NAMI will monitor the progress of the Department of Health and Human Services in issuing national guidelines and regulations specifying adequate number of staff in facilities and appropriate training in the use of R/S and their alternatives;

NAMI will also advocate for a national standard in schools, wilderness camps, jails, and prisons

What Should You Do If You Experience Restraint And Seclusion Abuse?

If you or your family member has experienced abuse of R/S in a treatment facility, you should take the following action.

Contact your state’s Protection and Advocacy program. For the phone number of your state’s program, call the National Association of Protection and Advocacy Systems (NAPAS) at 202-408-9514. If a P & A does not assist you, let NAMI know by contacting Kim Encarnation at 703-312-7895 or by email at kim@nami.org.
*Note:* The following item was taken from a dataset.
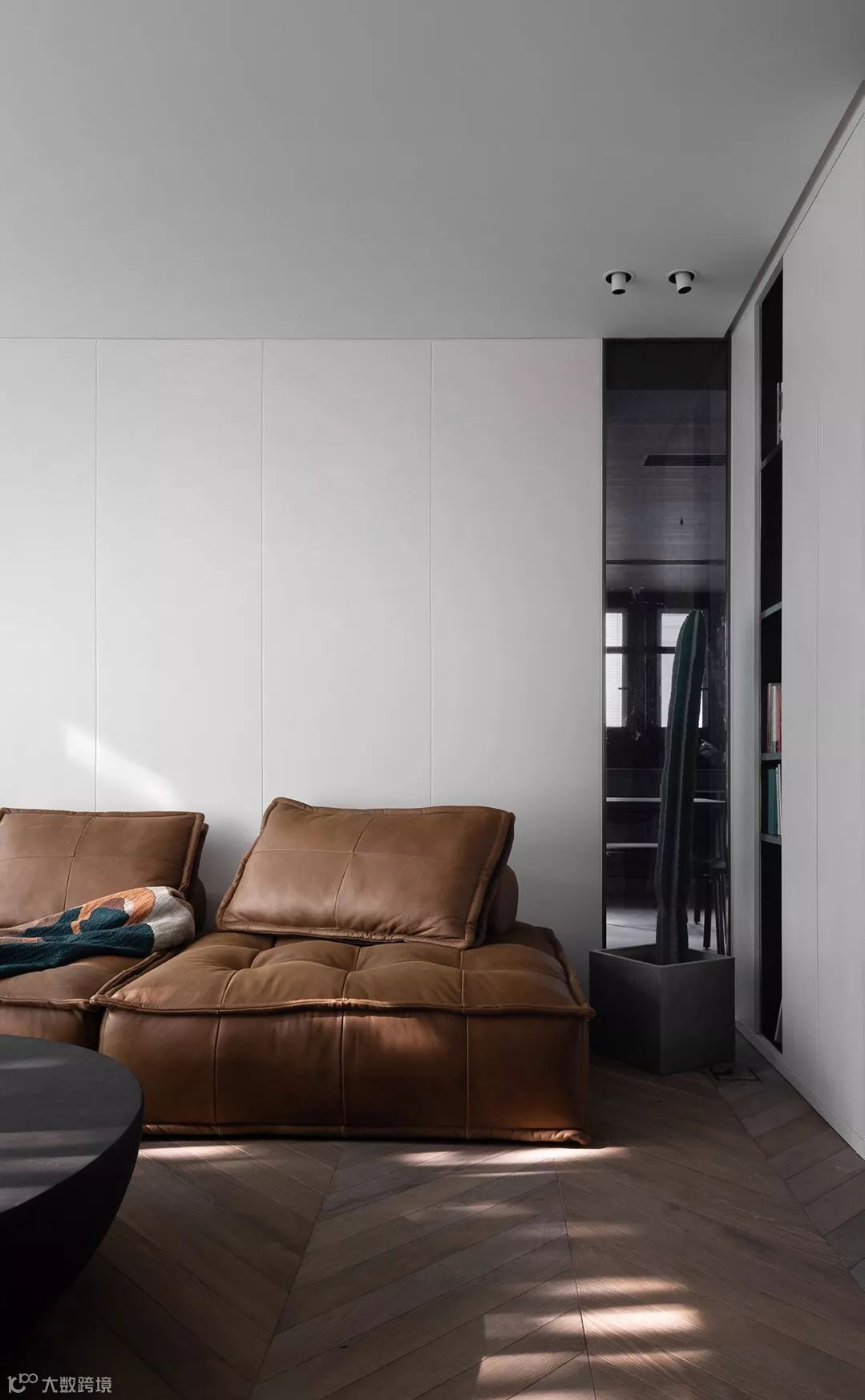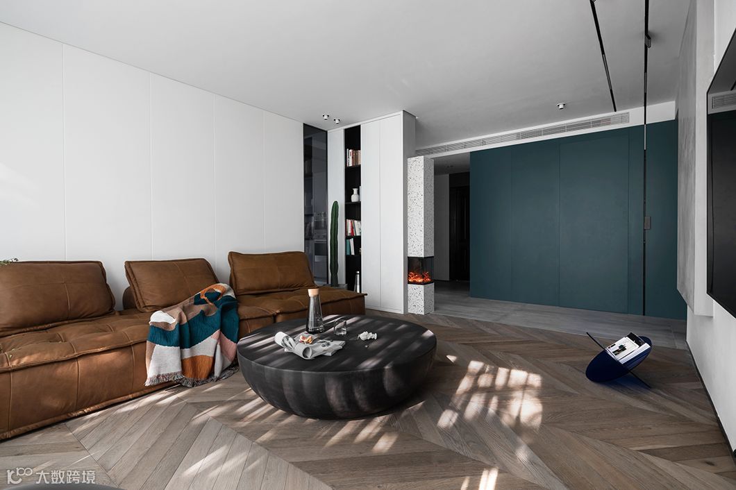 客厅沙发是由俩个方块组成(1.21+1.82)m。通过几何块的砌筑而成,随意拼合的单元式设计,整体造型介于沙发与卧榻之间,低矮的墩型。圆柱和长方体一体的靠背,通过调节彼此距离可以调节靠包角度,皮质上保留天然斑纹,和地面的木纹自然的光影相间。

File a complaint with the Joint Commission on Accreditation of Healthcare Organizations (JCAHO) hotline at 1-800-994-6610 and/or complaint@jcaho.org

File a complaint with your state’s health and hospital-licensing agency.

File a complaint with your U.S. Health Care Financing Administration (HCFA) regional office. There are 10 regional offices in the United States. To find yours, call the HCFA Medicare Hotline, 1-800-638-6833. You can also call the HCFA Office of Medicare Customer Assistance, 410-786-7413.

Share your story in writing and submit it to be included in NAMI’s Cries of Anguish report. Contact Kim Encarnation at 703-312-7895 or kim@nami.org

Consider sharing your story with your local media.

Consider retaining an attorney if you believe your legal rights have been violated

The Mental Health Legal Advisors Committee has also put out their perspective on how guidelines relating to restraints and seclusion should be structured:

RIGHTS IN HOSPITALS REGARDING RESTRAINT AND SECLUSION

Hospitals may use restraint and seclusion only in cases of emergency and in compliance with strict standards. Additional requirements, not included here, apply when restraining children.

I. WHAT IS RESTRAINT?

"Restraint" is physical force, mechanical devices, chemicals, seclusion, or any other means which unreasonably limit freedom of movement. Hospital staff may use four types of restraint to restrict patients who are acting, or threatening to act, in a violent way towards themselves or others.

• Physical restraint -- holding a patient in a way that restricts his or her movement.
  
  
• Mechanical restraint -- using a device, such as four-point or full-sheet restraint, to restrict a patient's movement (excludes devices prescribed for medical purposes).
  
  
• Chemical restraint -- medicating a patient against the patient's will for the purpose of restraint rather than treatment.
  
  
• Seclusion -- placing a patient alone in a room so that the patient cannot see or speak with patients or staff and so that the patient cannot leave or believes he or she cannot leave. In facilities licensed, operated, or contracted for by the state Department of Mental Health (DMH), a mechanically restrained patient cannot be secluded.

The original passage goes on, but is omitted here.